C’est ce qui protège un service contre l’inondation. Je suis allé vérifier si Blackboard en avait. Il n’y en avait pas. Je pouvais connecter un nombre illimité de comptes.
Alors j’ai écrit de quoi en faire entrer cinq cents d’un coup dans une même visio, les faire tous parler, puis les faire tous se déconnecter ensemble. Une vague, sur commande, contre laquelle la salle n’avait aucune défense.
Mises bout à bout, ces trois failles disaient la même chose. Il manquait ce qu’on appelle des guards : des vérifications, posées côté serveur, qui contrôlent qu’une action a le droit d’exister avant de l’exécuter. Ici, il n’y en avait aucun.
Dieu dans la visio
Je ne vais pas faire semblant d’avoir été sage. Sur le moment, ce pouvoir était grisant, comme passer en grand angle d’un coup. Les profs, qui d’ordinaire tiennent la salle et en sont les maîtres incontestés, dépendaient sans le savoir d’un pouvoir silencieux. Je pouvais les couper, les déconnecter, leur faire dire des choses. Je pouvais bannir, muter, réagir à la place de n’importe qui.

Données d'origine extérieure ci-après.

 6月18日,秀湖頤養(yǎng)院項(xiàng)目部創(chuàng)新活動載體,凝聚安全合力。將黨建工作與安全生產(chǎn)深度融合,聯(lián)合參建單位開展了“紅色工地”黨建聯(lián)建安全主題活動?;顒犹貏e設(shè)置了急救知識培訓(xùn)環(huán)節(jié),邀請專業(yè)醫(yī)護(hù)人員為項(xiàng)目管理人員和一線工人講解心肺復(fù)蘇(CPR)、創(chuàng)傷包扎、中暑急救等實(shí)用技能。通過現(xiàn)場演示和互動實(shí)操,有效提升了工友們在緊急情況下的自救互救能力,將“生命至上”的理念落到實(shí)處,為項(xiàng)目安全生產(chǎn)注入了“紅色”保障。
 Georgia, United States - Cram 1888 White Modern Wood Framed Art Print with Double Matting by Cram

Mon préféré, c’était de sortir tout haut, en public, ce qu’un élève venait de glisser en privé à un copain. Un petit elle est relou la prof qui apparaissait soudain devant toute la classe, sous le nom de quelqu’un qui jurait que ce n’était pas lui. La confusion, ensuite, se débrouillait toute seule. Et je dois ajouter un détail, parce qu’il dit déjà qui j’étais : mes bots ne se connectaient jamais en direct. Je les faisais passer par des proxies achetés dix centimes, en chaîne, que je faisais tourner à chaque visio pour brouiller l’origine. Personne, jamais, n’a su d’où ça venait.
Ce que j’en ai retenu
Il n’y a eu aucune conséquence. Ça s’est arrêté tout seul, le jour où le confinement a pris fin et où les salles ont rouvert. Avec le recul, je suis un peu gêné. Pas beaucoup. Je sais que je n’ai pas dû être reposant pour mes profs, qui faisaient déjà de leur mieux dans une situation impossible, et je leur dois une forme d’excuse tranquille. Mais je sais aussi que je n’ai abîmé personne, pas vraiment. J’ai mis un peu d’animation dans des heures qui étaient déjà mortes.

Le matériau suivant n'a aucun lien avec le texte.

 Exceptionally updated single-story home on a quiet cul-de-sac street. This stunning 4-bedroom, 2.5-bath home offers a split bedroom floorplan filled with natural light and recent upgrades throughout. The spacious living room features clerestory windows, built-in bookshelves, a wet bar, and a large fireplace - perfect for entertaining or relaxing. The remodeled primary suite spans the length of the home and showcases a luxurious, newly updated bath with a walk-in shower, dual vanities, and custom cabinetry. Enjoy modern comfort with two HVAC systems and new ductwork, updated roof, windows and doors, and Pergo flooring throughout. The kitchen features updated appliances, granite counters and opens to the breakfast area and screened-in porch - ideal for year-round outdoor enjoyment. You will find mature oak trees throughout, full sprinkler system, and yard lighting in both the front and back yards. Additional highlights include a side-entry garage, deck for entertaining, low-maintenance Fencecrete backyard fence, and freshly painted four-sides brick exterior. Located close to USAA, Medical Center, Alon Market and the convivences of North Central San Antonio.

L’essentiel n’est pas là, de toute façon. L’essentiel, c’est ce que ces feuilles surlignées m’ont appris en creux. J’ai compris ce qu’était un guard, à quoi sert un rate limit, pourquoi on ne fait jamais confiance à ce que le client raconte. Et je ne l’ai pas appris dans un cours : je l’ai appris en constatant l’absence de tout ça, sur un outil certifié, validé, déployé par l’État dans toutes les classes de France. Un tampon officiel garantit une conformité administrative. Il ne garantit pas qu’un système tienne debout face à quelqu’un qui prend le temps de l’observer. C’est sans doute la leçon la plus durable que cette année-là m’a laissée.

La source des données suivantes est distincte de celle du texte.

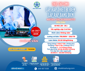 Tuyển 40 nữ, lắp ráp thiết bị điện, lắp ráp bảng điện, tăng lương, thưởng hấp dẫn, trợ cấp đi lại, làm ngoài giờ. Đăng ký ngay nhé!
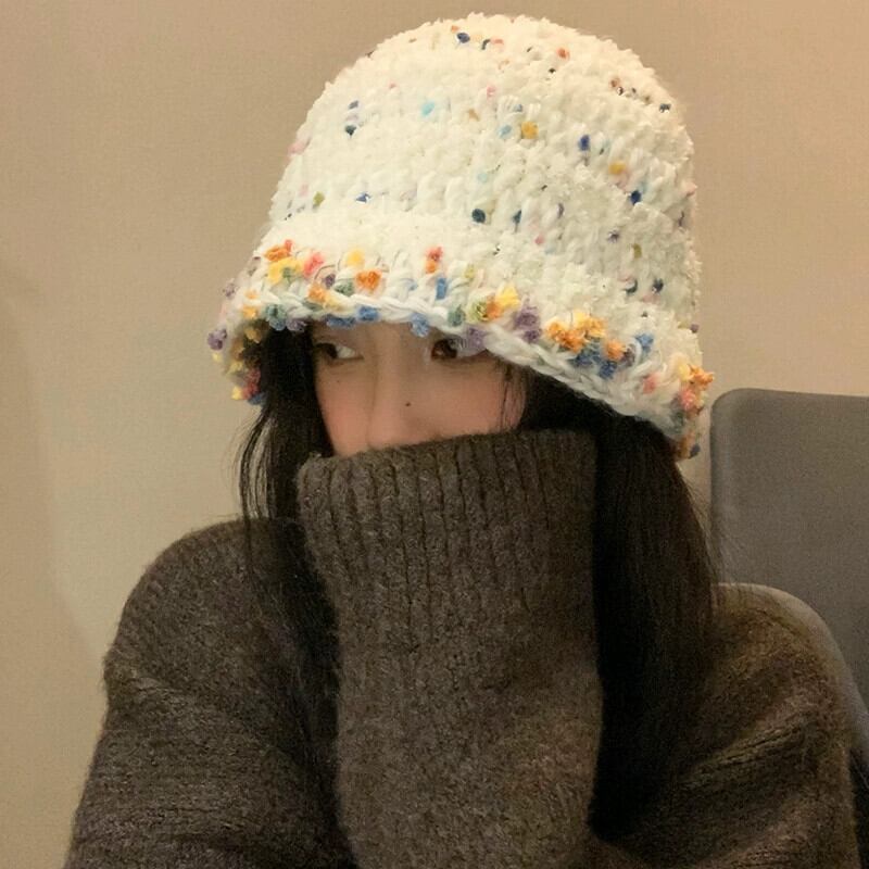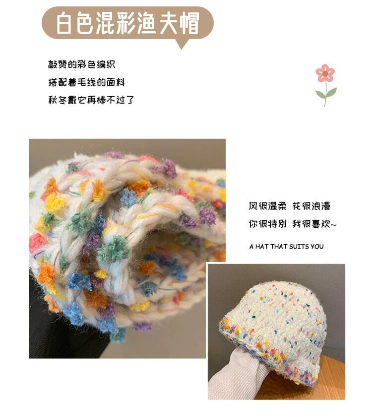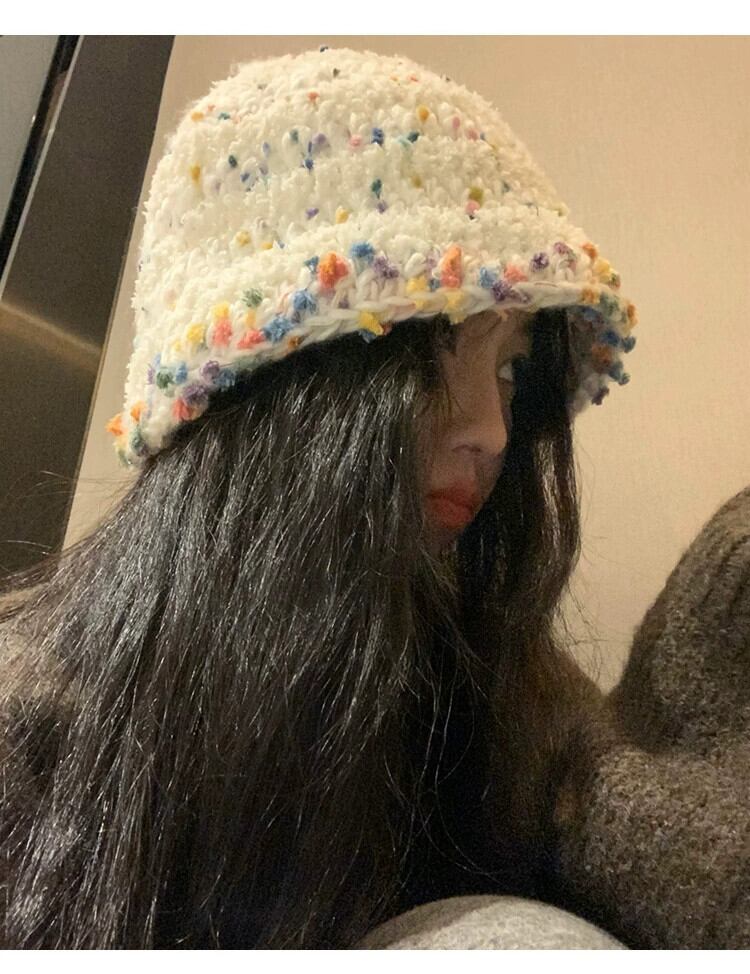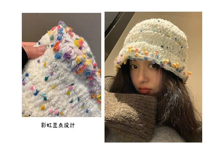 秋冬のカラフルなドット柄ウール帽子レディース、顔付きの小さなニット帽、暖かく耳を保護する、多用途のバケットハットトレンド オータム 秋物 ウィンター 冬物 15dd6526741780
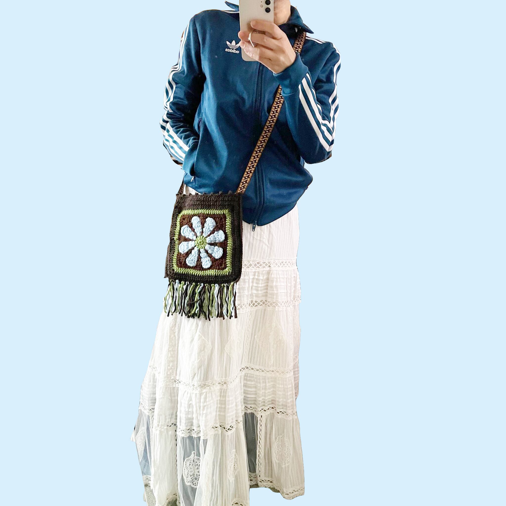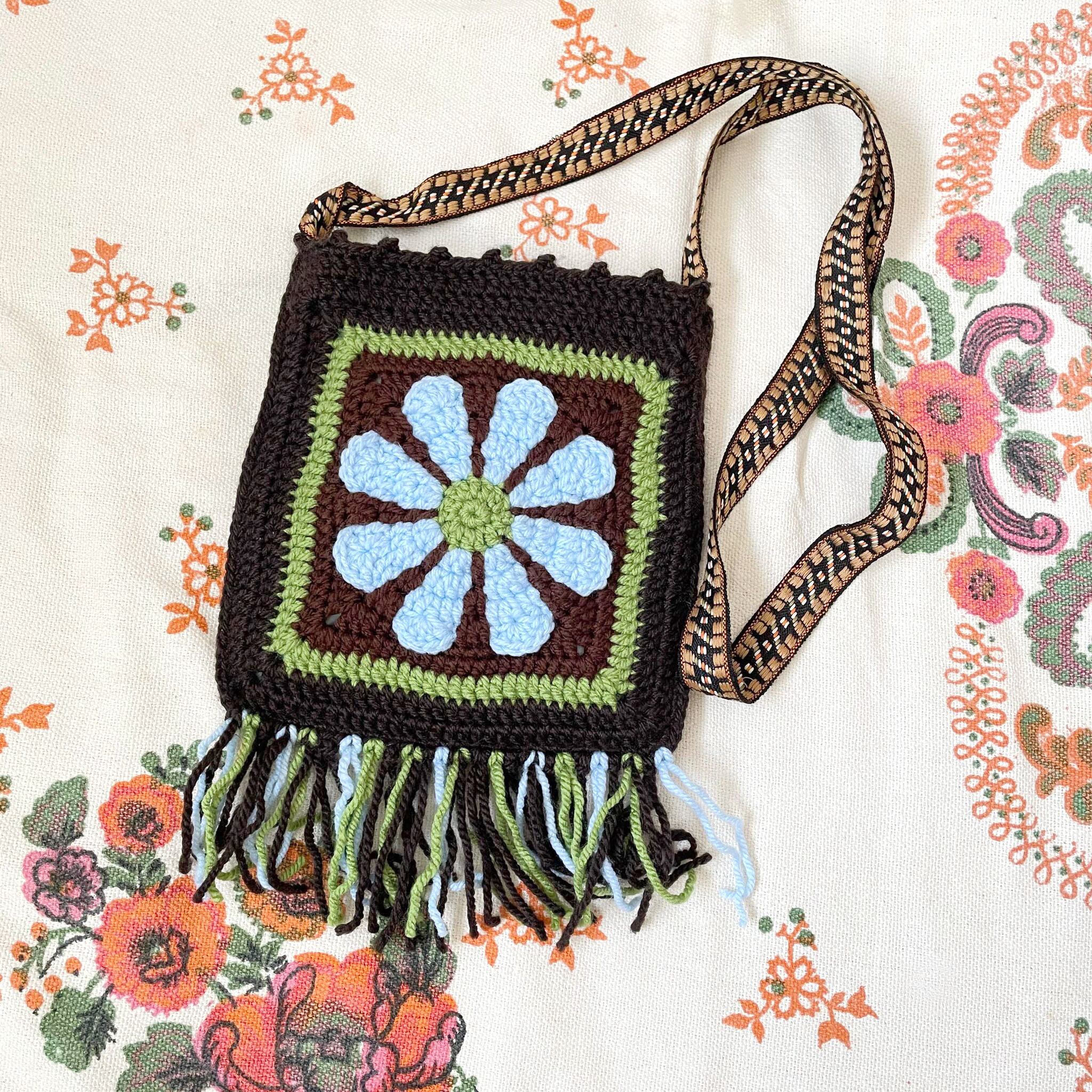 アクリル毛糸で編んだレトロデイジーモチーフのポシェット。肩紐はチロリアンテープ(調節不可)。
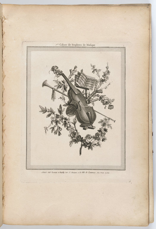 Oeuvres contenant un recueil de trophées, attributs, cartouches, vases, fleurs ornemens Et plusieurs Desseins agréables pour broder des Fauteuils ; Composés et dessinés par Ranson, et gravés par Berthaut et Voysard. 1778.
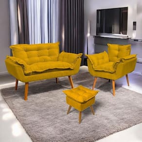 - Não nos responsabilizamos por montagens, subidas de escadas ou elevadores no momento da . Kit Namoradeira Poltrona e Puff Decorativo Para Sala Alice Suede

Le reste, c’est une confirmation. J’ai compris que j’aimais ça : comprendre comment une chose est faite, et ressentir ce moment net, presque calme, où elle cède sous le travail d’observation. Aujourd’hui je construis des systèmes pour de vrai, et il y a toujours, quelque part, un gamin de quatorze ans qui regarde ce que j’ai laissé en dessous.
Une dernière chose, et c’est peut-être la plus parlante. À l’époque, il n’y avait pas d’IA pour penser à ma place. Le travail était entièrement manuel : un navigateur, une imprimante, un surligneur, des feuilles, et des fenêtres de quarante-cinq minutes. Aujourd’hui, je délègue des morceaux entiers de code à des outils que ce gamin-là n’aurait pas pu imaginer. Mais le réflexe, lui, n’a pas changé. Regarder dessous.